Robust synthesis of two-dimensional metal dichalcogenides and their alloys by active chalcogen monomer supply

Abstract

Two-dimensional (2D) transition metal dichalcogenides (TMDs), with their atomic thicknesses, high carrier mobility, fast charge transfer, and intrinsic spin-valley couplings, have been demonstrated one of the most appealing candidates for next-generation electronic and optoelectronic devices. The synthesis of TMDs with well-controlled crystallinity, quality and composition is essential to fully realize their promising applications. Similar to that in III-V semiconductor synthesis, the precise precursor supply is a precondition for controllable growth of TMDs. Although great efforts have been devoted to modulate the transition metal supply, few effective methods of chalcogen feeding control were developed. Herein we report a strategy of using active chalcogen monomer supply to grow TMDs and their alloys in a robust and controllable manner. It is found that at a high temperature, the active chalcogen monomers (such as S, Se, Te atoms or their mixtures) can be controllably released from metal chalcogenides and, thus, enable the synthesis of TMDs (MX2, M = Mo, W; X = S, Se, Te) with very high quality, e.g., MoS2 monolayers exhibit photoluminescent circular helicity of ~92%, comparable to the best exfoliated single-crystal flakes and close to the theoretical limit of unity.
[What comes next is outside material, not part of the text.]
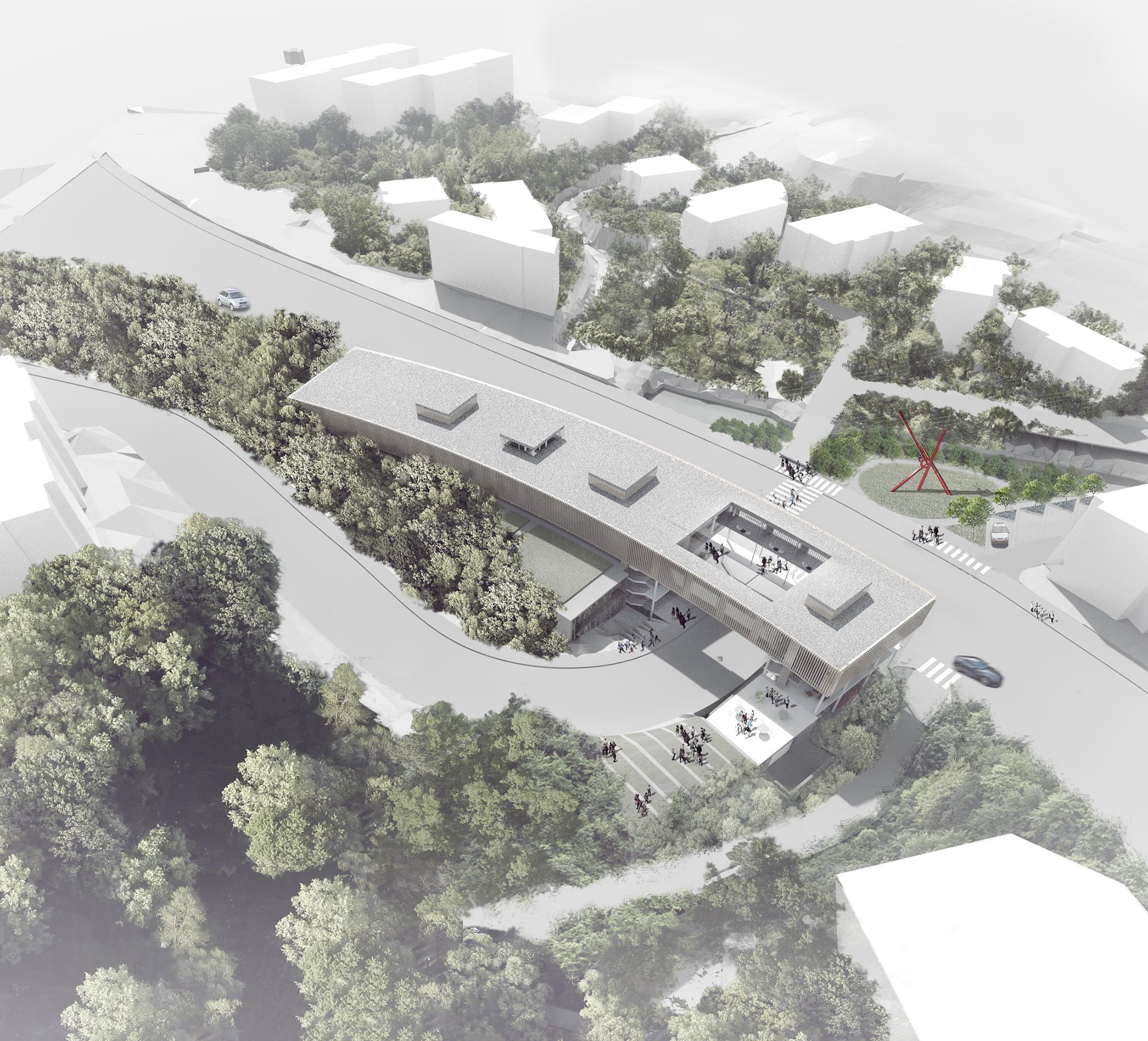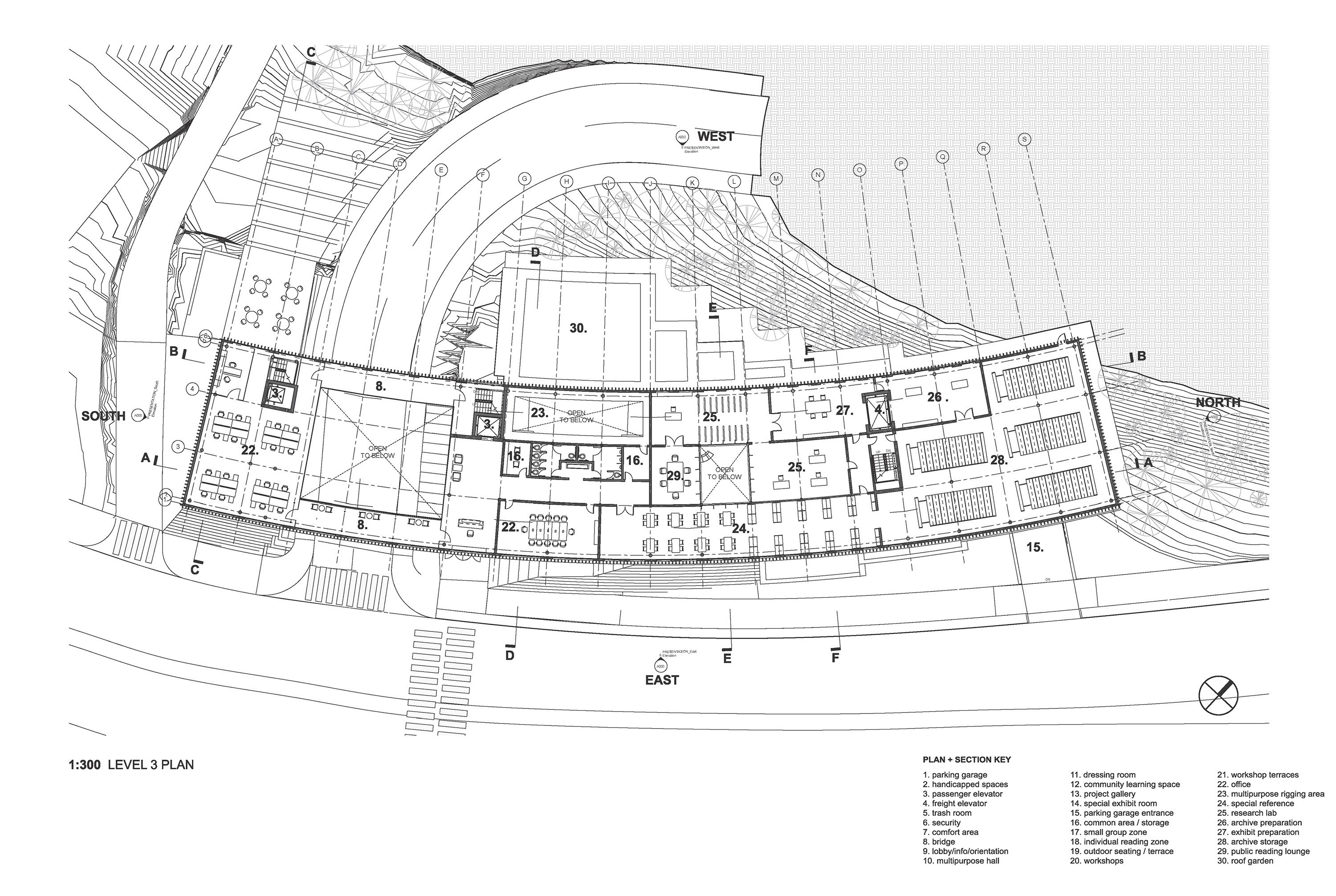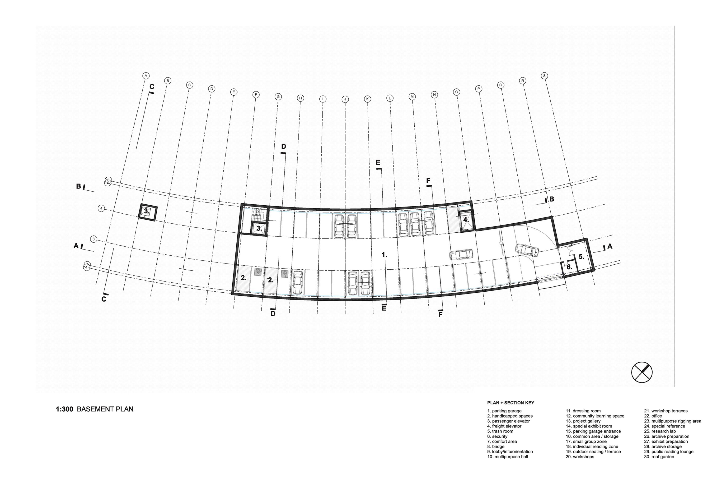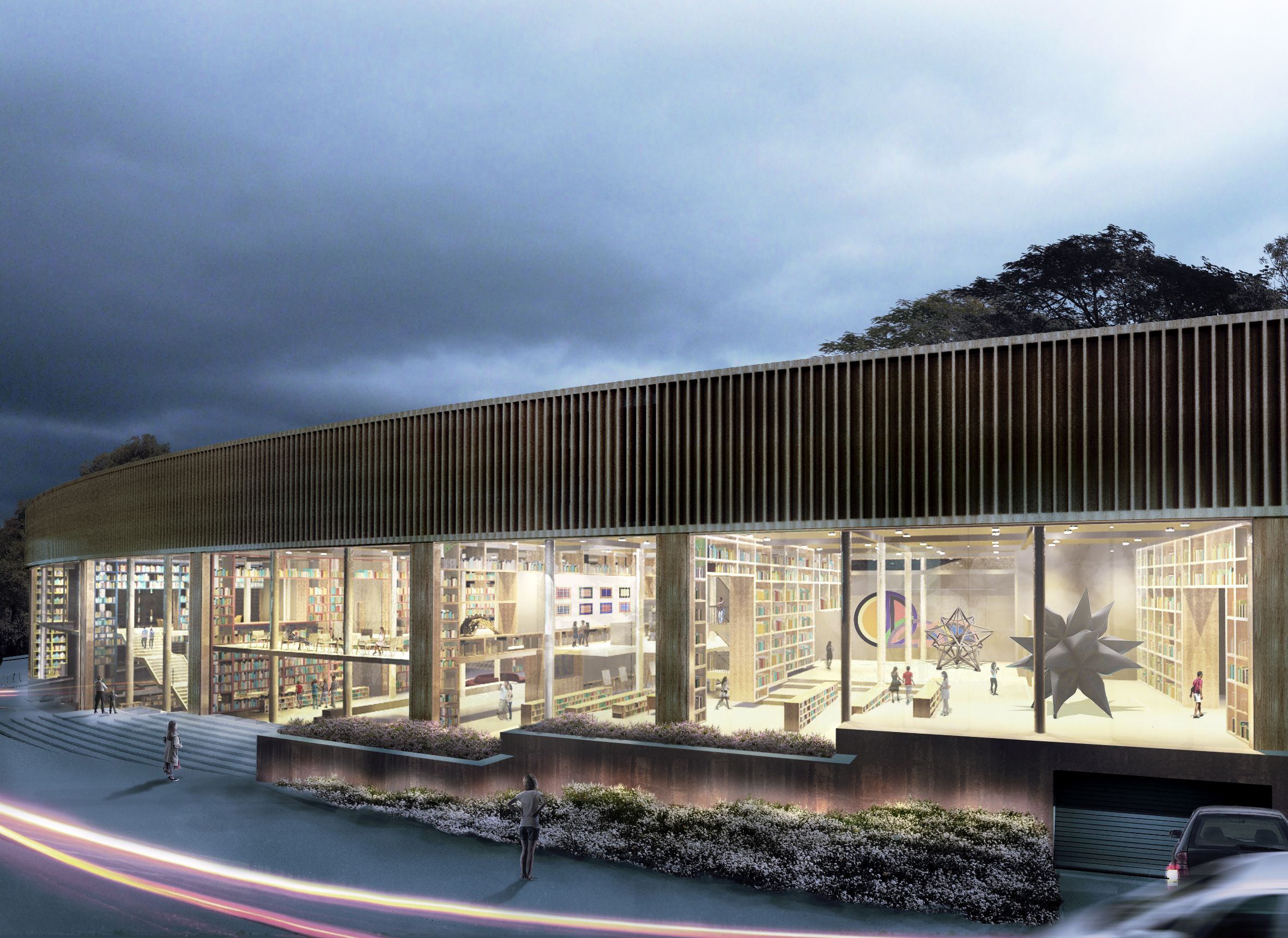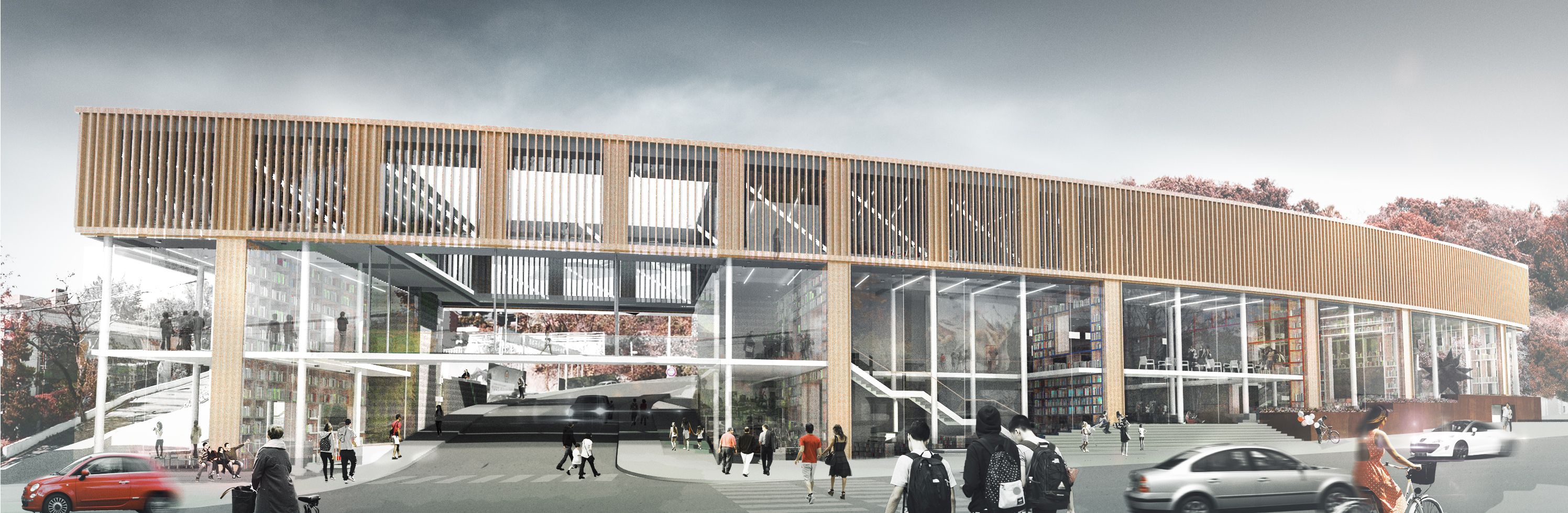 This proposal for a Korean art research complex organizes the building around a series of monumental, inhabitable bookcases that act as walls, galleries, and archives all at once. Instead of hiding collections in back rooms, the building brings art, books, and artifacts into full public view—turning circulation spaces into open archives. A transparent, glassy ground floor creates a welcoming civic presence and seamless connection to the street, while the upper level houses research and administrative spaces within a more solid, monolithic volume. The result is a hybrid between library, museum, and workspace—an architecture of display, discovery, and cultural memory.

More intriguingly, a uniform quaternary TMD alloy with three different anions, i.e., MoS2(1-x-y)Se2xTe2y, was accomplished for the first time. Our mechanism study revealed that the active chalcogen monomers can bind and diffuse freely on a TMD surface, which enables the effective nucleation and reaction, quick chalcogen vacancy healing, and alloy formation during the growth. The chalcogen monomer supply strategy offers more degrees of freedom for the controllable synthesis of 2D compounds and their alloys, which will greatly benefit the development of high-end devices with desired 2D materials.